March turned out to be a good month for the cryptocurrency market, with bitcoin surging over 21%, while other cryptocurrencies also recorded impressive gains. XRP, Stellar’s XLM token, and Injective Protocol’s INJ token recorded gains of 41%, 26%, and 34%, respectively. In contrast, Chain’s XCN token in the CMI’s Currency sector was among the biggest losers, plummeting over 53% in March, media reports said.
Encrypted messaging protocol Network’s native token, MASK, emerged as March’s top-performing asset, surging 68% to trade at $6.30. Reports indicate that the price surge followed the withdrawal of around 3.6M MASK tokens, worth about $14.8 million.
The good performance of BTC and other cryptocurrencies in March came amid significant macroeconomic headwinds and bank failures. The surge of $29,100 mark as been attributed to the current macroeconomic landscape, which has favored ‘alternative money’ such as gold and BTC, traditionally viewed as safe-haven assets.

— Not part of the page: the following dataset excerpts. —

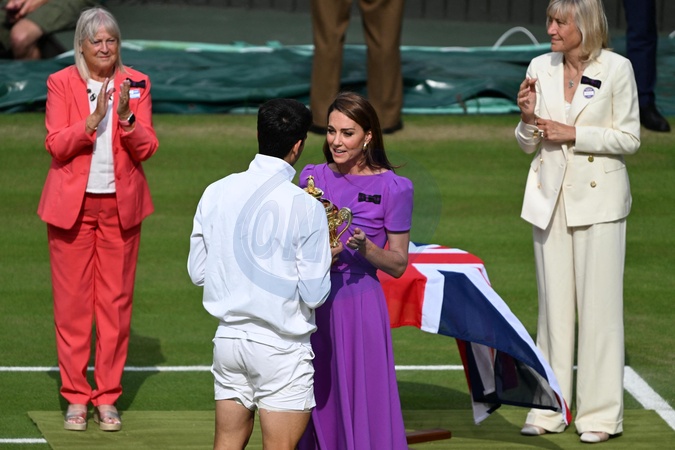 Catherine (Kate) Middleton remet la coupe à Carlos Alcaraz après sa victoire face à Novak Djokovic en finale du tournoi de Wimbledon 2024 (6/2 - 6/2 - 7/6)
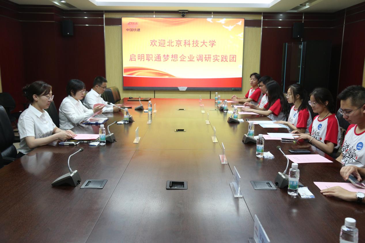 (圖為實踐團(tuán)成員與中鐵國際人力資源部幾位經(jīng)理的訪談  王巍然供圖)
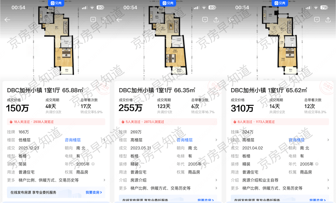 DBC加州小镇在2026年1月成交了一套65㎡的1居室,成交价166万。同户型在2017年3月成交价是405万,降价了239万,幅度60%。
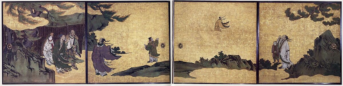 These panels depict Daoist immortal Liezi (Japanese: Resshi), who flies away on a cloud, while awestruck figures discuss his mysterious disappearance. These door panels, or fusuma, originally decorated the west wall in the central room of the abbot’s quarters (hōjō) at Ryōanji, a Zen temple in Kyoto. They are part of a set of forty panels depicting assorted Confucian and Daoist figures that were installed in the three rooms.
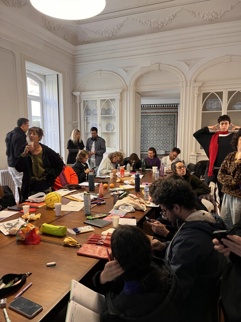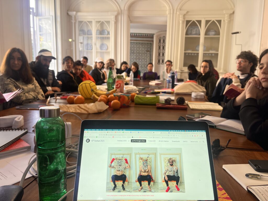 Reflexões colectivas sobre a obra Para cuatro jinetes, apresentada no Sábado dia 8 de Novembro 2025 no festival Linha de Fuga. Obra colectiva criada com os participantes do laboratório Construindo respostas críticas: sessão colaborativa para escritores e artistas, com Cláudia Galhós, Pedro Vilela e Xavier de Sousa, 9 de Novembro de 2025. Para mais informações sobre o trabalho realizado por performingborders no festival Linha de Fuga, incluindo aceder a outras comissões e reflexões, visita a página Live Art Writers Network x Linha de Fuga 2025.
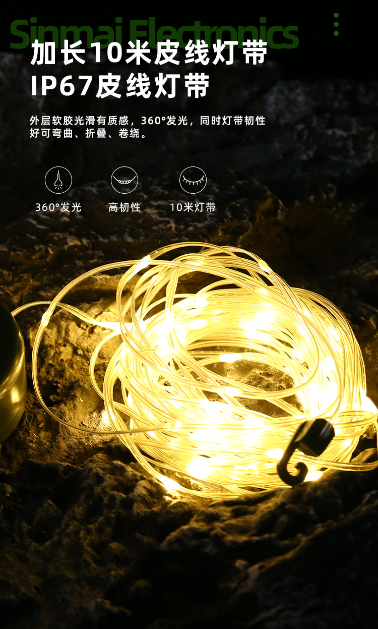 Explosión transfronteriza LED cinta lámpara de camping multifuncional camping light skylight colorido luz de atmósfera al aire libre lámpara de cadena impermeable
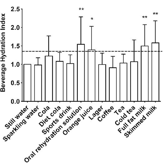 Рандомизированное исследование по оценке способности различных напитков влиять на состояние гидратации: разработка индекса гидратации напитка Было набрано 24 здоровых, физически активных мужчины в возрасте от 18 до 35 лет. Напитки: газированная вода, Coca-Cola, Diet Coke, Powerade, раствор для пероральной регидратации (РПР), апельсиновый сок, светлое пиво, горячий черный кофе, горячий черный чай, холодный черный чай, цельное молоко (3,6% жирности) или обезжиренное молоко (0,1% жирности). Через 2 часа жирное молоко, обезжиренное молоко, РПР и апельсиновый сок имели более высокий индекс гидратации BHI, чем негазированная вода. Рассчитанный индекс гидратации показал, что напитки с самым высоким содержанием макронутриентов и электролитов были наиболее эффективными для поддержания баланса жидкости. В настоящем исследовании РПР и молочные напитки содержали относительно высокие концентрации натрия и калия, апельсиновый сок содержал умеренное количество калия, а остальные напитки содержали от

According to Greg Magadini, the head of derivatives at Amberdata, a crypto analytics company, March witnessed a significant surge in volatility for both BTC and gold, indicating a growing interest in alternative currencies and a possible sense of sense of unease about relying solely on USD holdings.
Nonetheless, the crypto sector faced a major setback as crypto-supportive banks, Silvergate and SVB, went bankrupt, and a series of regulatory crackdowns ensued. The US Commodity Trading Commission (CFTC) sued Binance, the biggest cryptocurrency exchange by trade volume, and its creator Chengpeng Zhao for purportedly breaking regulations. Despite these obstacles, cryptocurrencies remained relatively unscathed, with the stablecoin market bearing the brunt of the impact.
According to Ben McMillan, the investment officer of IDX Digital Assets, institutional investors are most worried about regulations in the cryptocurrency market. McMillan said regulatory uncertainty has been a bigger concern for institutional investors than market volatility. Nonetheless, the market is holding up well, with the CoinDesk Index being the month’s largest winner having a 21% gain. It is followed by a 9% advance of the Smart Contract Platform sector.
Looking forward, Stefan Rust, a crypto investor, and CEO of data-sharing platform Sonic Capital, believes that the crypto market will continue to grow, with an estimated 20% of institutional investors planning to increase their exposure to cryptocurrencies in the next year. Rust noted that the crypto market is still relatively small, with a market capitalization of around $2.5 trillion, making it ripe for investment opportunities.